### Required work
From the data below, return only the lines from the one with "Тюль 2 шт. Подхват" through the one with "Kemudian ada OneTab", exact and inclusive, with pictures left out.

### Records to process
────────────────────────────────────────
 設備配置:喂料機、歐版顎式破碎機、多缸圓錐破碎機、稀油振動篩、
────────────────────────────────────────
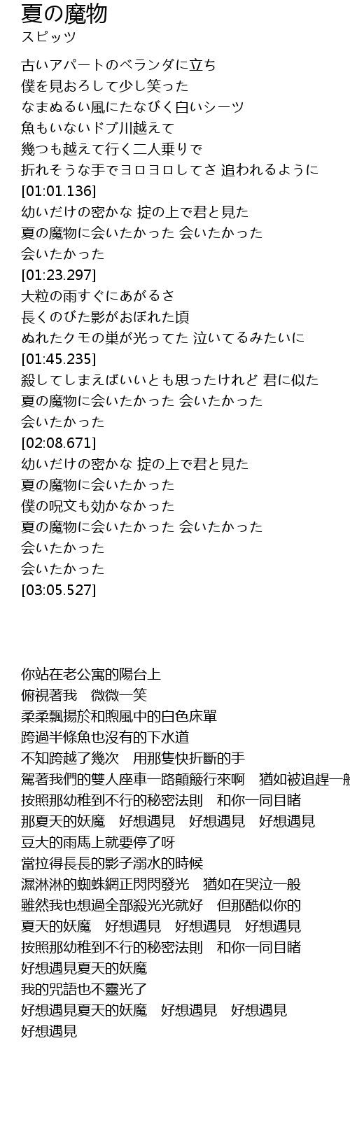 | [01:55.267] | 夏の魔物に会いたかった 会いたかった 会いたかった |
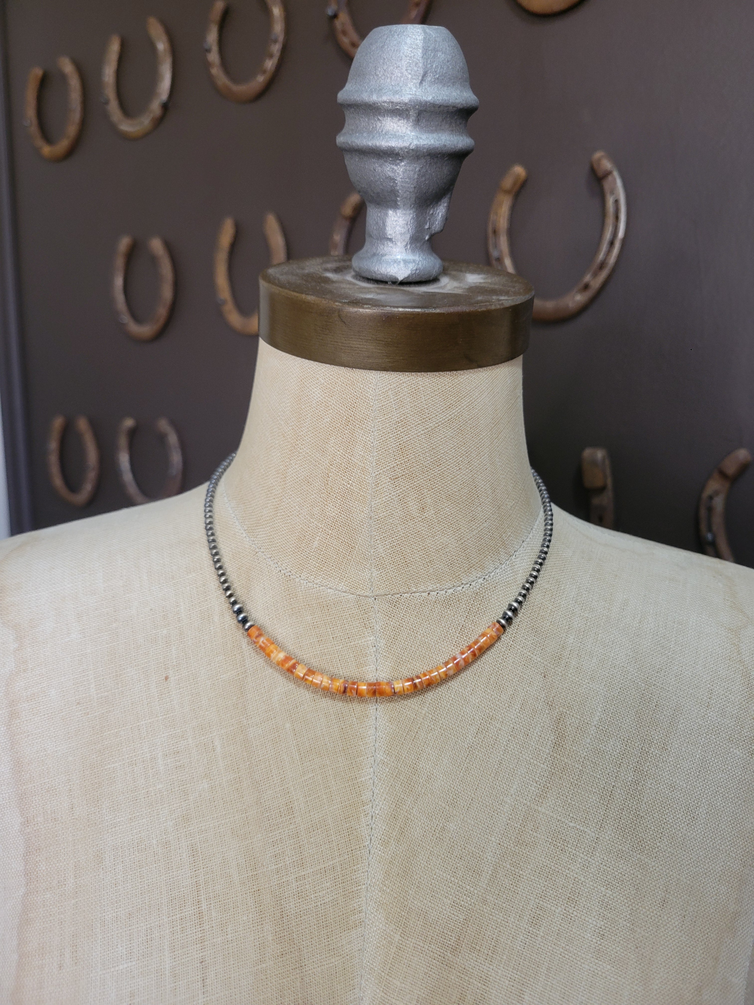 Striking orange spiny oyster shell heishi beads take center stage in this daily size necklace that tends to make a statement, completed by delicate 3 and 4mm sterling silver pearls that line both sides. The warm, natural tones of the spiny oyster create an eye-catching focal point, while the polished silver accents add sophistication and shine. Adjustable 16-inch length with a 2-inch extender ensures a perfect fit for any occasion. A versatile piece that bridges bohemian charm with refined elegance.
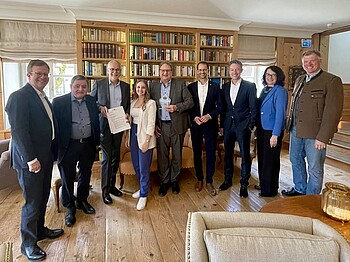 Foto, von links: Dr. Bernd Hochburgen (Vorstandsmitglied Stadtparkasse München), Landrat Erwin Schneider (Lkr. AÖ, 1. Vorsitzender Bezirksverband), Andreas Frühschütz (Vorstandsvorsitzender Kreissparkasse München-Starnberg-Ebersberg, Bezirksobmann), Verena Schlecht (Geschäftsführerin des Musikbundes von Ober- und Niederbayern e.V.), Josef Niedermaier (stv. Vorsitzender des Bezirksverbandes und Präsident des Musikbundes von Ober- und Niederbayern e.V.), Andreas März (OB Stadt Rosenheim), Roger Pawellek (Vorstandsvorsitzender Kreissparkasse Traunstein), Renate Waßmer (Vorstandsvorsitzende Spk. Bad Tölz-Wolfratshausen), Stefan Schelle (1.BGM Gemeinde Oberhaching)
────────────────────────────────────────
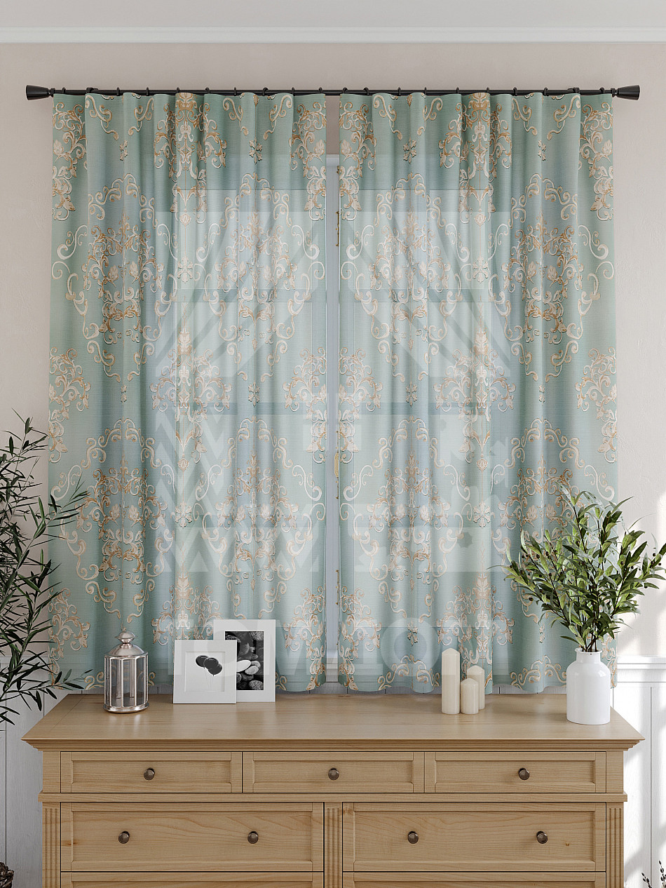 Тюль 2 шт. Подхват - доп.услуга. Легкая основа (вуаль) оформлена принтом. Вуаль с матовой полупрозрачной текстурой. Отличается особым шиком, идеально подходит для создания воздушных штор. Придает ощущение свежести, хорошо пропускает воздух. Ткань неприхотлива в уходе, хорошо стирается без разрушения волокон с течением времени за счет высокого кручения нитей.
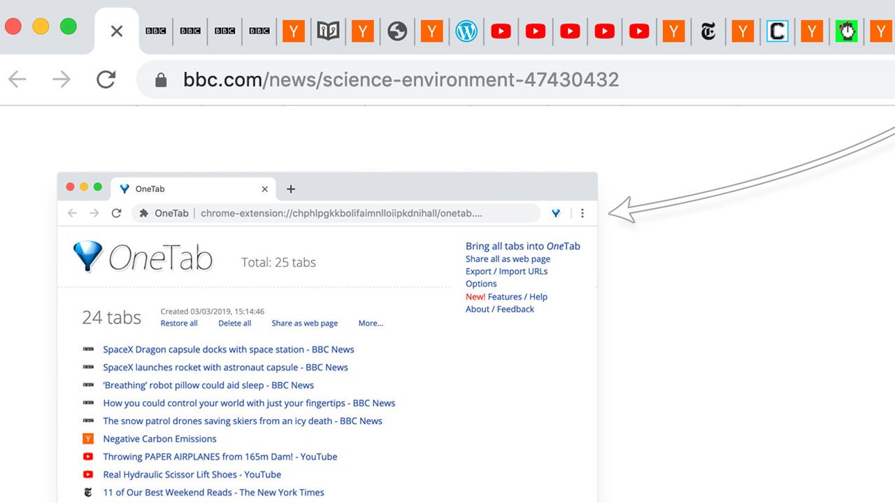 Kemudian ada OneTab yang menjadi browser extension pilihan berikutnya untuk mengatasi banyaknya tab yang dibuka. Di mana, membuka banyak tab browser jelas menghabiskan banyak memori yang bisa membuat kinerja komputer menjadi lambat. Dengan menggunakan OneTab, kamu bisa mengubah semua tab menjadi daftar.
────────────────────────────────────────
### Expected answer
 Тюль 2 шт. Подхват - доп.услуга. Легкая основа (вуаль) оформлена принтом. Вуаль с матовой полупрозрачной текстурой. Отличается особым шиком, идеально подходит для создания воздушных штор. Придает ощущение свежести, хорошо пропускает воздух. Ткань неприхотлива в уходе, хорошо стирается без разрушения волокон с течением времени за счет высокого кручения нитей.
 Kemudian ada OneTab yang menjadi browser extension pilihan berikutnya untuk mengatasi banyaknya tab yang dibuka. Di mana, membuka banyak tab browser jelas menghabiskan banyak memori yang bisa membuat kinerja komputer menjadi lambat. Dengan menggunakan OneTab, kamu bisa mengubah semua tab menjadi daftar.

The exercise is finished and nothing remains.